↓

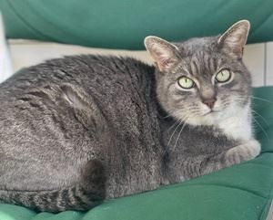SAYA ist 7 Jahre alt. Sie hat ein hellgrau getigertes Fell mit weißer Brust, weißen Pfoten und fast weißem Bauch. SAYA ist eine Wohnungskatze und kennt nur einen eingeschränkten Gartenbereich. Sie ist scheu gegenüber fremden Personen.
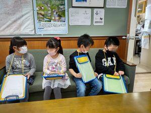 5校時,校長室に可愛いお客様が来ました。1年生の生活科の「学校にいる人と仲良くなろう」の勉強です。
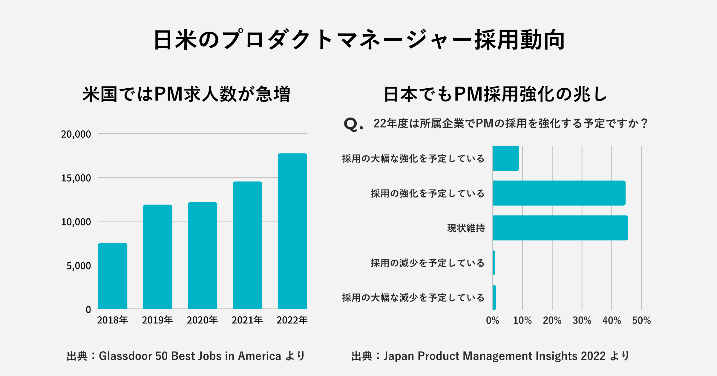プロダクトマネージャーの需要はここ数年でグローバルで急速に高まり、人気職種としての地位を不動にしています。米国大手求人サイトGlassdoorの50 Best Jobs in America for 2020年では21年は3位に、22年では10位にランクインしています。また、Glassdoor上のPM求人数も、2018年には7,531件だったものが、2022年までの5年間で17,725件まで急増しています。
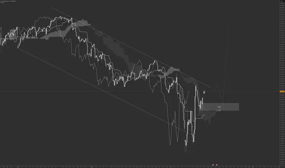 Le Nasdaq évolue actuellement dans une configuration baissière bien structurée, avec un canal baissier visible sur les unités de temps intermédiaires. Toutefois, le comportement du prix montre une tentative progressive de rejet à la hausse, notamment en direction de la zone de résistance clé située entre 19 300 et 19 500 points. Cette zone représente un point de convergence technique important où un retournement baissier pourrait s’opérer, mais également un potentiel point de cassure du haut du canal baissier. Si le prix parvient à franchir cette borne supérieure de manière claire et soutenue, cela constituerait un signal de retournement majeur, marquant potentiellement la fin de la correction actuelle. Ce scénario de cassure haussière constitue donc la première étape à surveiller rigoureusement cette semaine, car il déterminera la suite des événements sur cet indice.
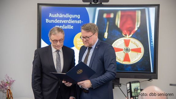 Staatssekretär Torsten Lang überreichte dem Vorsitzenden der dbb bundessenioren die Auszeichnung für sein jahrzehntelanges ehrenamtliches Engagement.
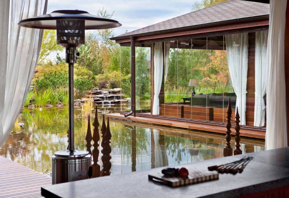 Один из лучших вариантов расположения беседки – у водоема. Панорамное остекление откроет вид на водную гладь и защитит от комаров. Удовольствие созерцания воды будет доступным и поздней осенью, и ранней весной. Для обогрева прохладными вечерами стоит установить камин, работающий на твердом топливе, газе или электричестве. Водоем может быть и искусственным и настоящим, от этого эстетическая ценность не уменьшится.
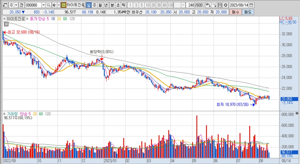 이미지 확대보기하이트진로의 주가는 14일 오전 9시 25분 현재 전일보다 650원(3.14%) 내린 2만50원에 거래되고 있습니다.
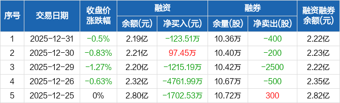 重庆百货:融资净偿还123.51万元,融资余额2.19亿元(12-31)
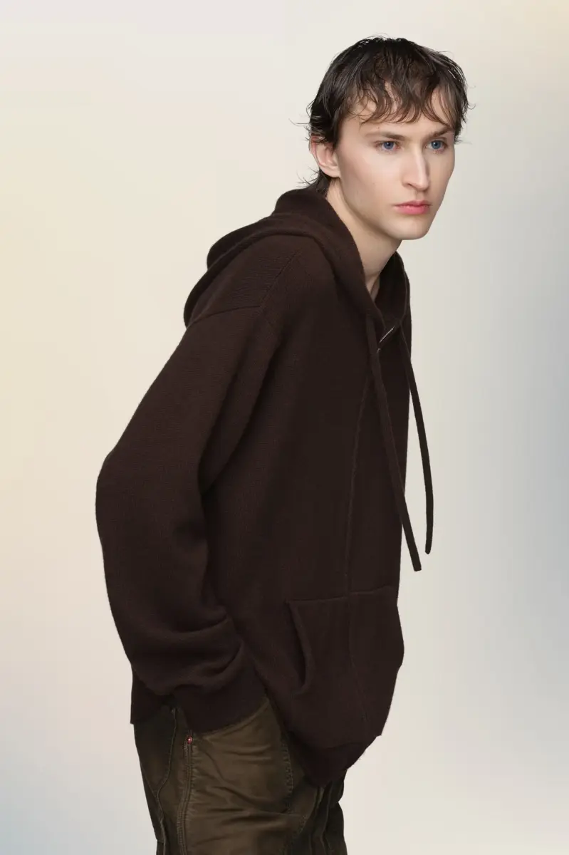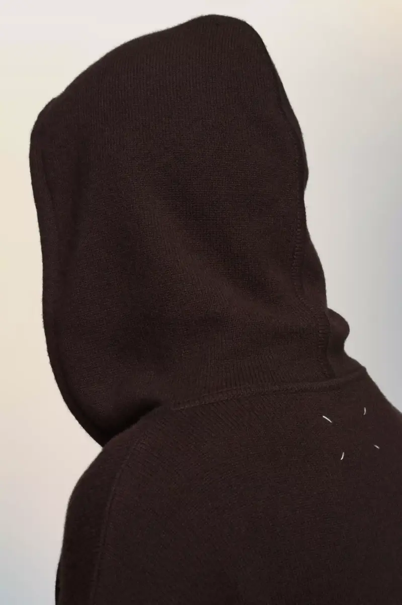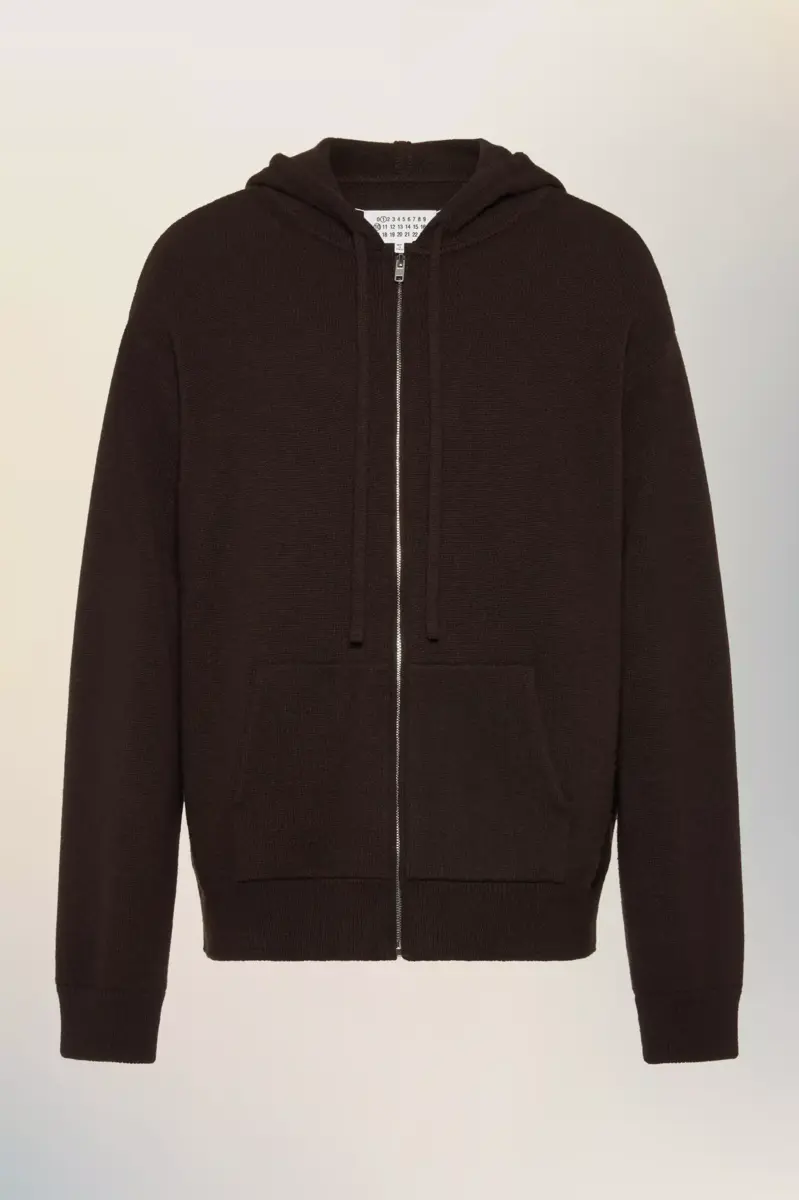 This soft, zip-up cashmere hooded sweater is shaped with relaxed fit. A ribbed hem and cuffs frame the silhouette, while patch pockets and a drawstring hood finish the design. Maison Margiela’s signature, the four stitches, appear at the back; the opposite of a label.
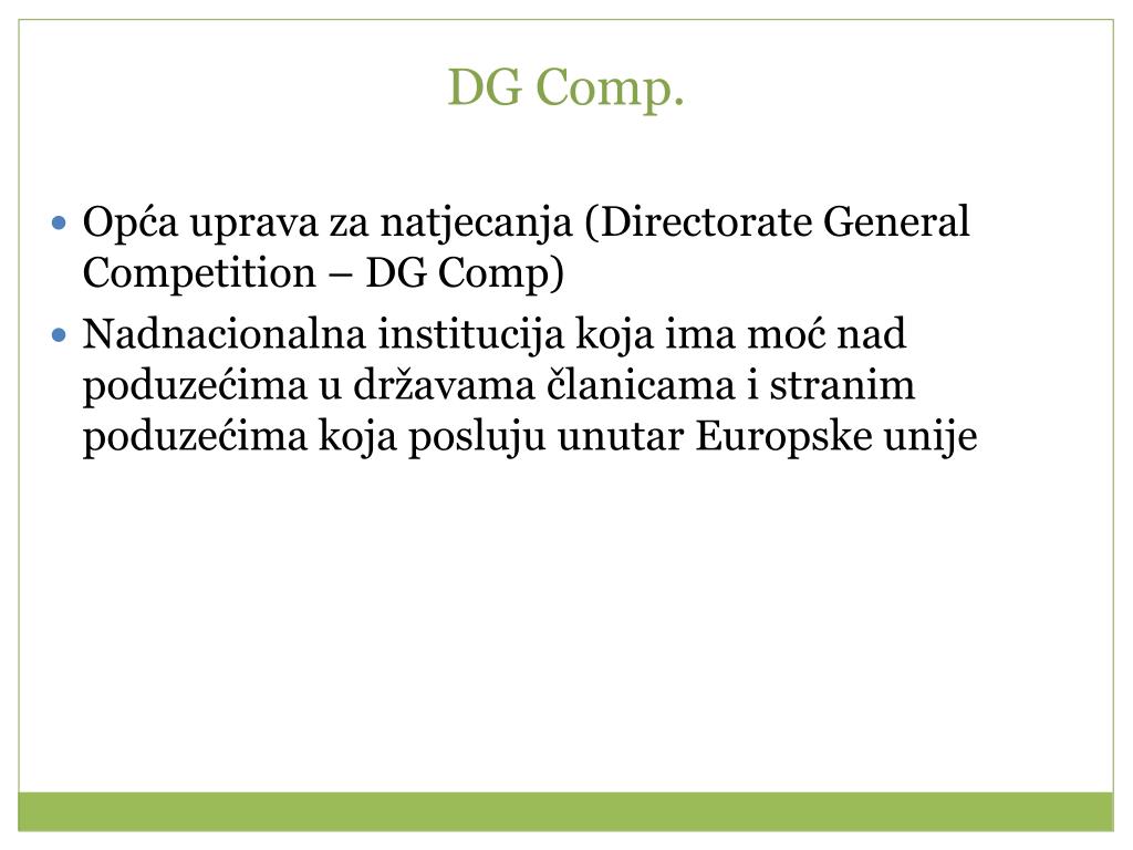 DG Comp. Opća uprava za natjecanja (Directorate General Competition – DG Comp) Nadnacionalna institucija koja ima moć nad poduzećima u državama članicama i stranim poduzećima koja posluju unutar Europske unije

↑

# What you need to do
The exact lines from the beginning of the data through the one that contains "Best Jobs in" must be given again, both ends included, and pictures must be left out.

# Answer for the task
SAYA ist 7 Jahre alt. Sie hat ein hellgrau getigertes Fell mit weißer Brust, weißen Pfoten und fast weißem Bauch. SAYA ist eine Wohnungskatze und kennt nur einen eingeschränkten Gartenbereich. Sie ist scheu gegenüber fremden Personen.
 5校時,校長室に可愛いお客様が来ました。1年生の生活科の「学校にいる人と仲良くなろう」の勉強です。
プロダクトマネージャーの需要はここ数年でグローバルで急速に高まり、人気職種としての地位を不動にしています。米国大手求人サイトGlassdoorの50 Best Jobs in America for 2020年では21年は3位に、22年では10位にランクインしています。また、Glassdoor上のPM求人数も、2018年には7,531件だったものが、2022年までの5年間で17,725件まで急増しています。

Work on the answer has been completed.